Latest update February 6th, 2025 7:27 AM
Feb 20, 2015 Features / Columnists, Freddie Kissoon
On Tuesday afternoon, Kaieteur News sports journalist Rawle Welch asked for a ride to the passport office. When we walked inside the building, I saw an unbelievable sight. Literally hundreds of people were waiting. They were waiting to be served for different reasons (a line to pay, a line to deposit documents, a line to be photographed).
I saw that very scene fifteen years ago, and fifteen years ago wrote about it in my column in this very newspaper. It remains a mystery why after fifteen years, passport applicants go through the same torturous labyrinth. How do you explain such an unchanging situation? Could be that there is no explanation; it is a mystery.
I joined the line inside the GRA to have my vehicular road licence. Before I proceed, let me say that I find the continuation of the required road licence a most sickening anachronism. A driver needs to have a certificate that the car is roadworthy. A driver needs to have insurance. A driver needs to have car registration. A driver needs to have a certified licence to drive.
These are all required documents that have a commonsensical foundation. The police need to know if you are a certified driver; the police need to see if your car is fit to be on the road; what purpose does the vehicular road licence serve? There is none. It came with colonial times when you had to have radio licence, bicycle licence etc. Why does this country retain this ancient stupidity?
I remember as a small boy when my father saw the radio licence man coming, he would hide one of the two radios in the bedroom. Most people did that so they only paid for one document. That era is dead and gone. But part of it remains with the requirement of something named the vehicular road licence. There is no question about it; this country is an ancient puzzle.
Back to the main issue. I stood in a long line and got my road licence. When I was leaving, I asked the internal uniformed security what those hundreds of persons were doing sitting under a large tent on the eastern lawn of the GRA. He said that they were waiting to be served for renewal of driver’s licences. I almost fainted, not at what I saw, but the prospects of me having to go through that thorny pathway in a few months’ time.
The mystery is ubiquitous, because as with the passport office, I saw that identical scene fifteen years ago. Why are we not progressing? Why are the same social insanities still existing fifteen years after they were born? Is there an explanation?
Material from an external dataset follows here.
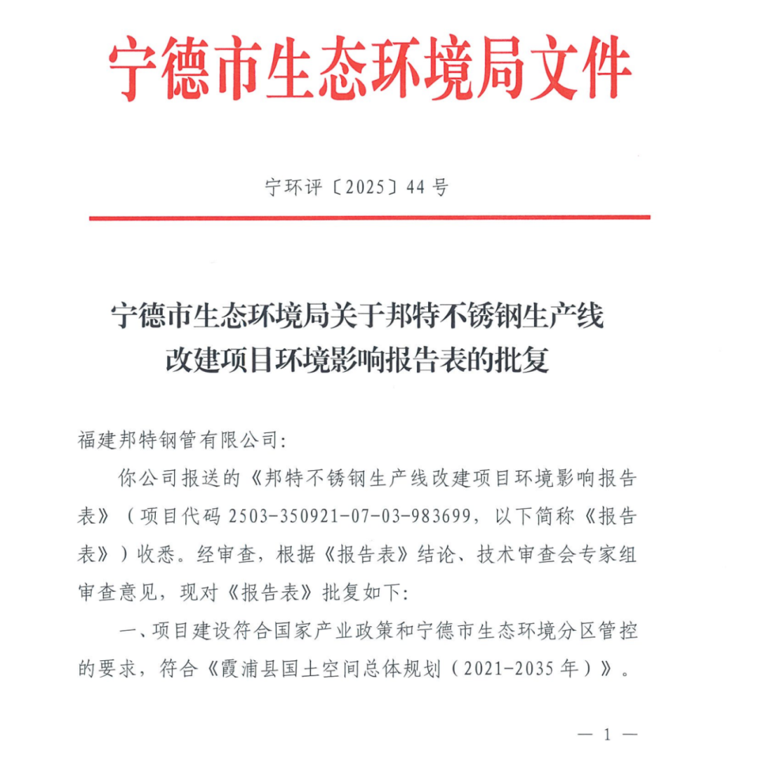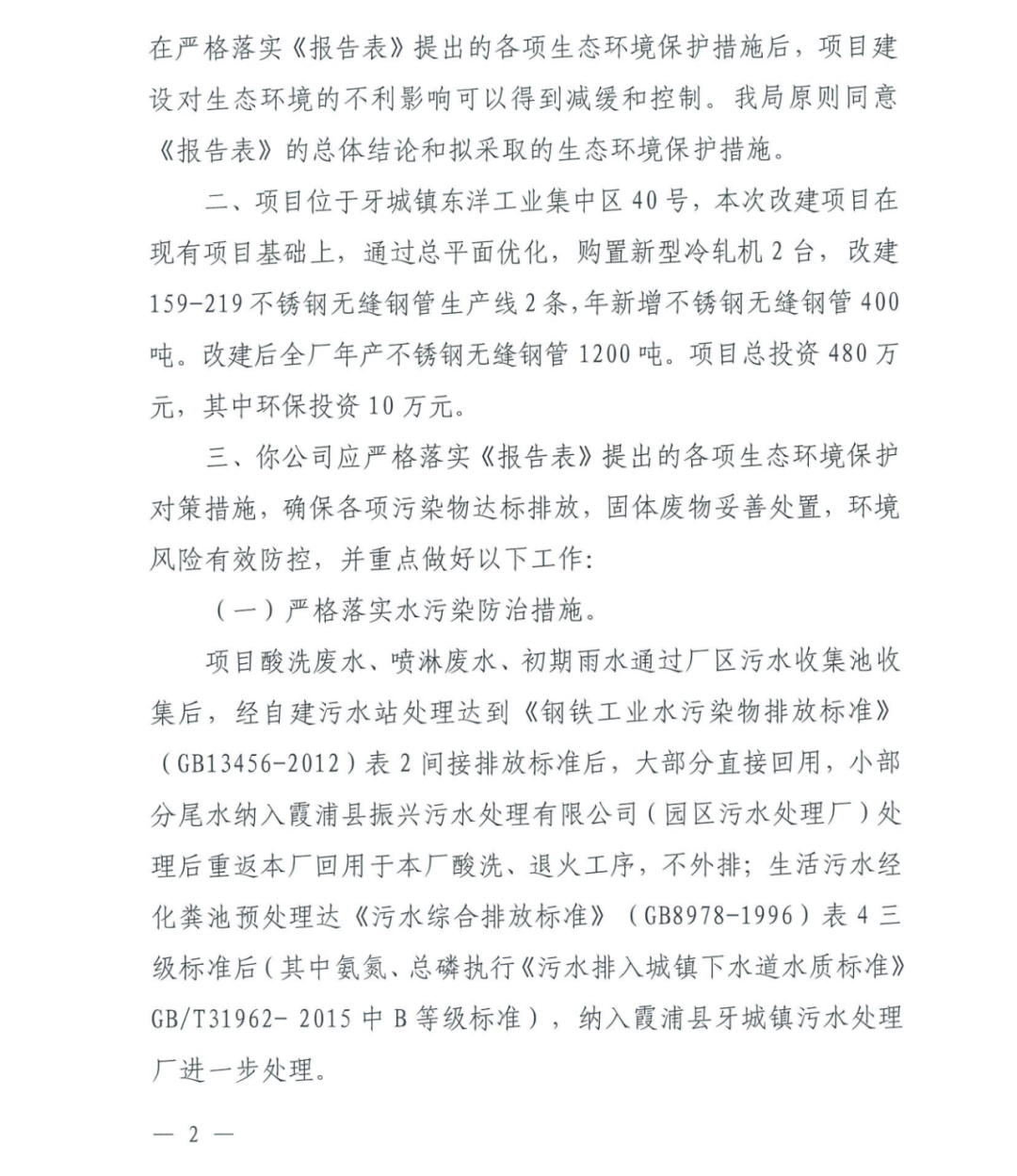 邦特不锈钢生产线改建项目环境影响报告表批复

I live on the Railway Embankment next to that large cemetery that recently pronounced on the prorogation of Parliament as being legal – the CARICOM Secretariat. I would look out of my window and see this fancy, expensive GPL vehicle lift workmen into the skies so they can reach the lamps on the posts. They replace the bulbs that are dead.
We would have lights on the Railway Embankment where I live for two months, then the bulbs die and the fancy vehicle comes again and the cycle goes on. Every two months the lamps die and GPL replaces them. The obvious question is ‘Why?’ What is the problem?
Is it the actual mechanism that contains the bulbs or is it that the bulbs that GPL buy are so cheap that they last only two months? Since 2007 I have been living here and I see this masquerade six times each year. Surely that is a mystery.
I attended the funeral of my wife’s cousin at the CIOG on Woolford Avenue last Wednesday. A gentleman came and sat next to me and told me he is a Wortmanville boy, the Georgetown ward I was born into. For the rest of the funeral service we chatted (kind of disrespectful; I know).
As usual, the conversation turned to UG. I mentioned to him a story about UG and I saw the consternation on his face. I told him that I entered UG in 1974 and the square feet that the exam division occupied are the same since then right up to 2015. That space is exactly the same, forty years after I first entered UG. The security outpost at the entrance of UG is the very same space, no bigger, no smaller than when I first enrolled at UG.
The Promenade Gardens must have the world’s longest serving urinal. That urinal, at the Waterloo Street entrance, made by Armitage Company, has been there since the Gardens first opened at the beginning of the 20th century.